**WHAT TO DO:** From the records below, transcribe exactly the lines that begin at the line with "This document is" and end at the line with "Toddler Boy Birthday", both included.

**DATA SUPPLIED:**
━━━━━━━━━━

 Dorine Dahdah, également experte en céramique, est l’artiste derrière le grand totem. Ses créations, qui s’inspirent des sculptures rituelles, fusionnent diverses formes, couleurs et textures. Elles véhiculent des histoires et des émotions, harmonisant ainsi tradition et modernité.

━━━━━━━━━━

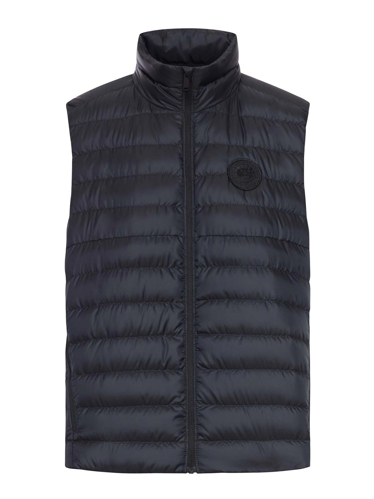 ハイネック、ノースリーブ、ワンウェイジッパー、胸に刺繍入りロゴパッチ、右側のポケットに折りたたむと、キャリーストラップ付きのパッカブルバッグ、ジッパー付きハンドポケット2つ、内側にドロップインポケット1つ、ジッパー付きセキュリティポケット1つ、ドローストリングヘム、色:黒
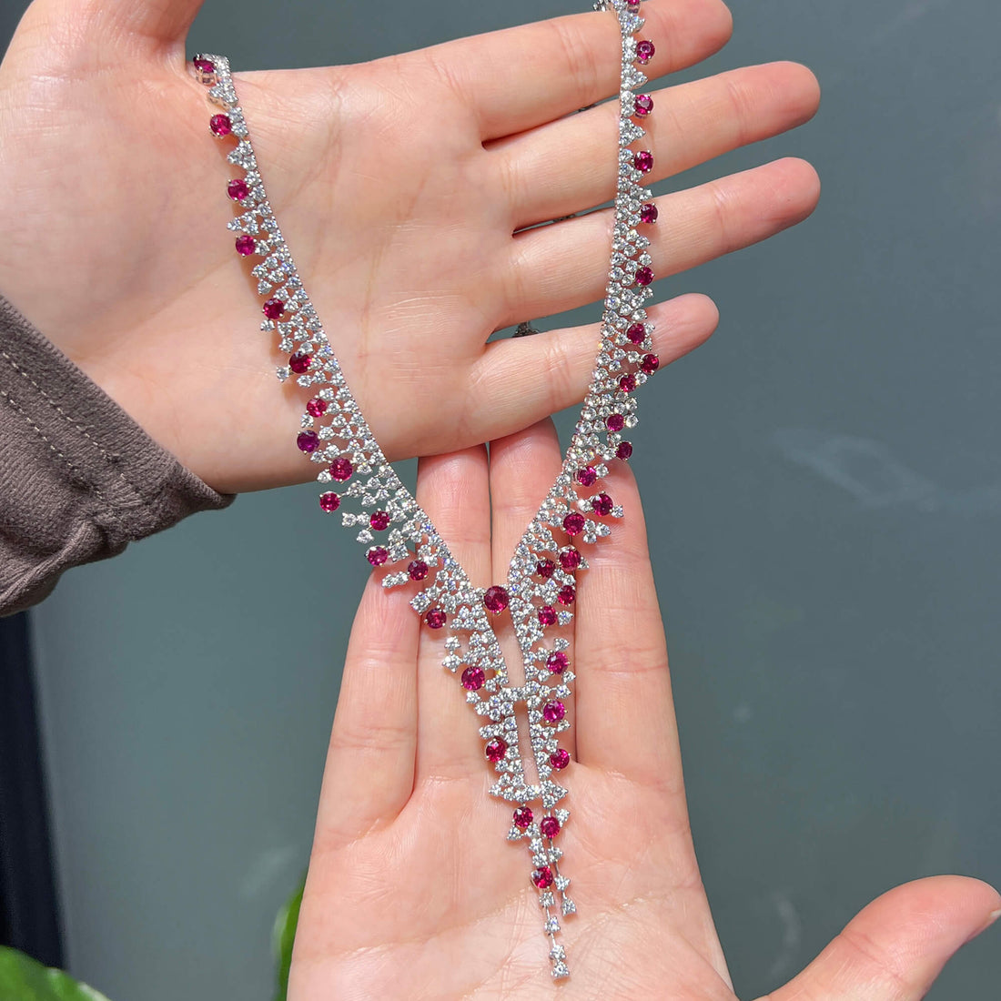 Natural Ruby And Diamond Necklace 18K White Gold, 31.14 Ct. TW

━━━━━━━━━━

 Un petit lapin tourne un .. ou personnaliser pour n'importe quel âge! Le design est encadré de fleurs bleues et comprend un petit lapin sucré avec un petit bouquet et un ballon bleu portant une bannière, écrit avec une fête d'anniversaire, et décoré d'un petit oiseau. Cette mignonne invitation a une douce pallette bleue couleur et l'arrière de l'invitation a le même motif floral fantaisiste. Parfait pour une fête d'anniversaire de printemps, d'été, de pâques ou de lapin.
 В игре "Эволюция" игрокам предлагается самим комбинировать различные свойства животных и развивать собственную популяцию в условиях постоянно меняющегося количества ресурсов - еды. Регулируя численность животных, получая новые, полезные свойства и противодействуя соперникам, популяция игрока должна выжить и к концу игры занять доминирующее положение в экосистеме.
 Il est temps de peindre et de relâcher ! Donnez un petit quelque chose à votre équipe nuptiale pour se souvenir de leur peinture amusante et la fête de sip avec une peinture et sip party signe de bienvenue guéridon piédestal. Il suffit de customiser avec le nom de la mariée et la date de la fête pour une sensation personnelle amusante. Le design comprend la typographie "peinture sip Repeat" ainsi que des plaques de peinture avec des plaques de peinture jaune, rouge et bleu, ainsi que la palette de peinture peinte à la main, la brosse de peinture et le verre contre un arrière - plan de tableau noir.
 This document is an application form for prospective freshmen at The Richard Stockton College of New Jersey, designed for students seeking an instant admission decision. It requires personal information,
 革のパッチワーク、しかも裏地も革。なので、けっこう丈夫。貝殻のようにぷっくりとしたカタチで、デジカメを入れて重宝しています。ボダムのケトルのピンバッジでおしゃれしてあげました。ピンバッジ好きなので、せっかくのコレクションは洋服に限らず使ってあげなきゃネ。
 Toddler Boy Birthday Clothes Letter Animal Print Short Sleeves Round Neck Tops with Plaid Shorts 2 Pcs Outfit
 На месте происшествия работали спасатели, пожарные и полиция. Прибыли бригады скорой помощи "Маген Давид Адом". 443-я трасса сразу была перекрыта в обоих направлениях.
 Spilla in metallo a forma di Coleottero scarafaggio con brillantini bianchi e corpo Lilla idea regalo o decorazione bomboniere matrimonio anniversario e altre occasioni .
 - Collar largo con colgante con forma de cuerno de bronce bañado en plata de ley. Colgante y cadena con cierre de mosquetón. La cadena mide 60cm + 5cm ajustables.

━━━━━━━━━━

**ANSWER TO THE EXERCISE:**
 This document is an application form for prospective freshmen at The Richard Stockton College of New Jersey, designed for students seeking an instant admission decision. It requires personal information,
 革のパッチワーク、しかも裏地も革。なので、けっこう丈夫。貝殻のようにぷっくりとしたカタチで、デジカメを入れて重宝しています。ボダムのケトルのピンバッジでおしゃれしてあげました。ピンバッジ好きなので、せっかくのコレクションは洋服に限らず使ってあげなきゃネ。
 Toddler Boy Birthday Clothes Letter Animal Print Short Sleeves Round Neck Tops with Plaid Shorts 2 Pcs Outfit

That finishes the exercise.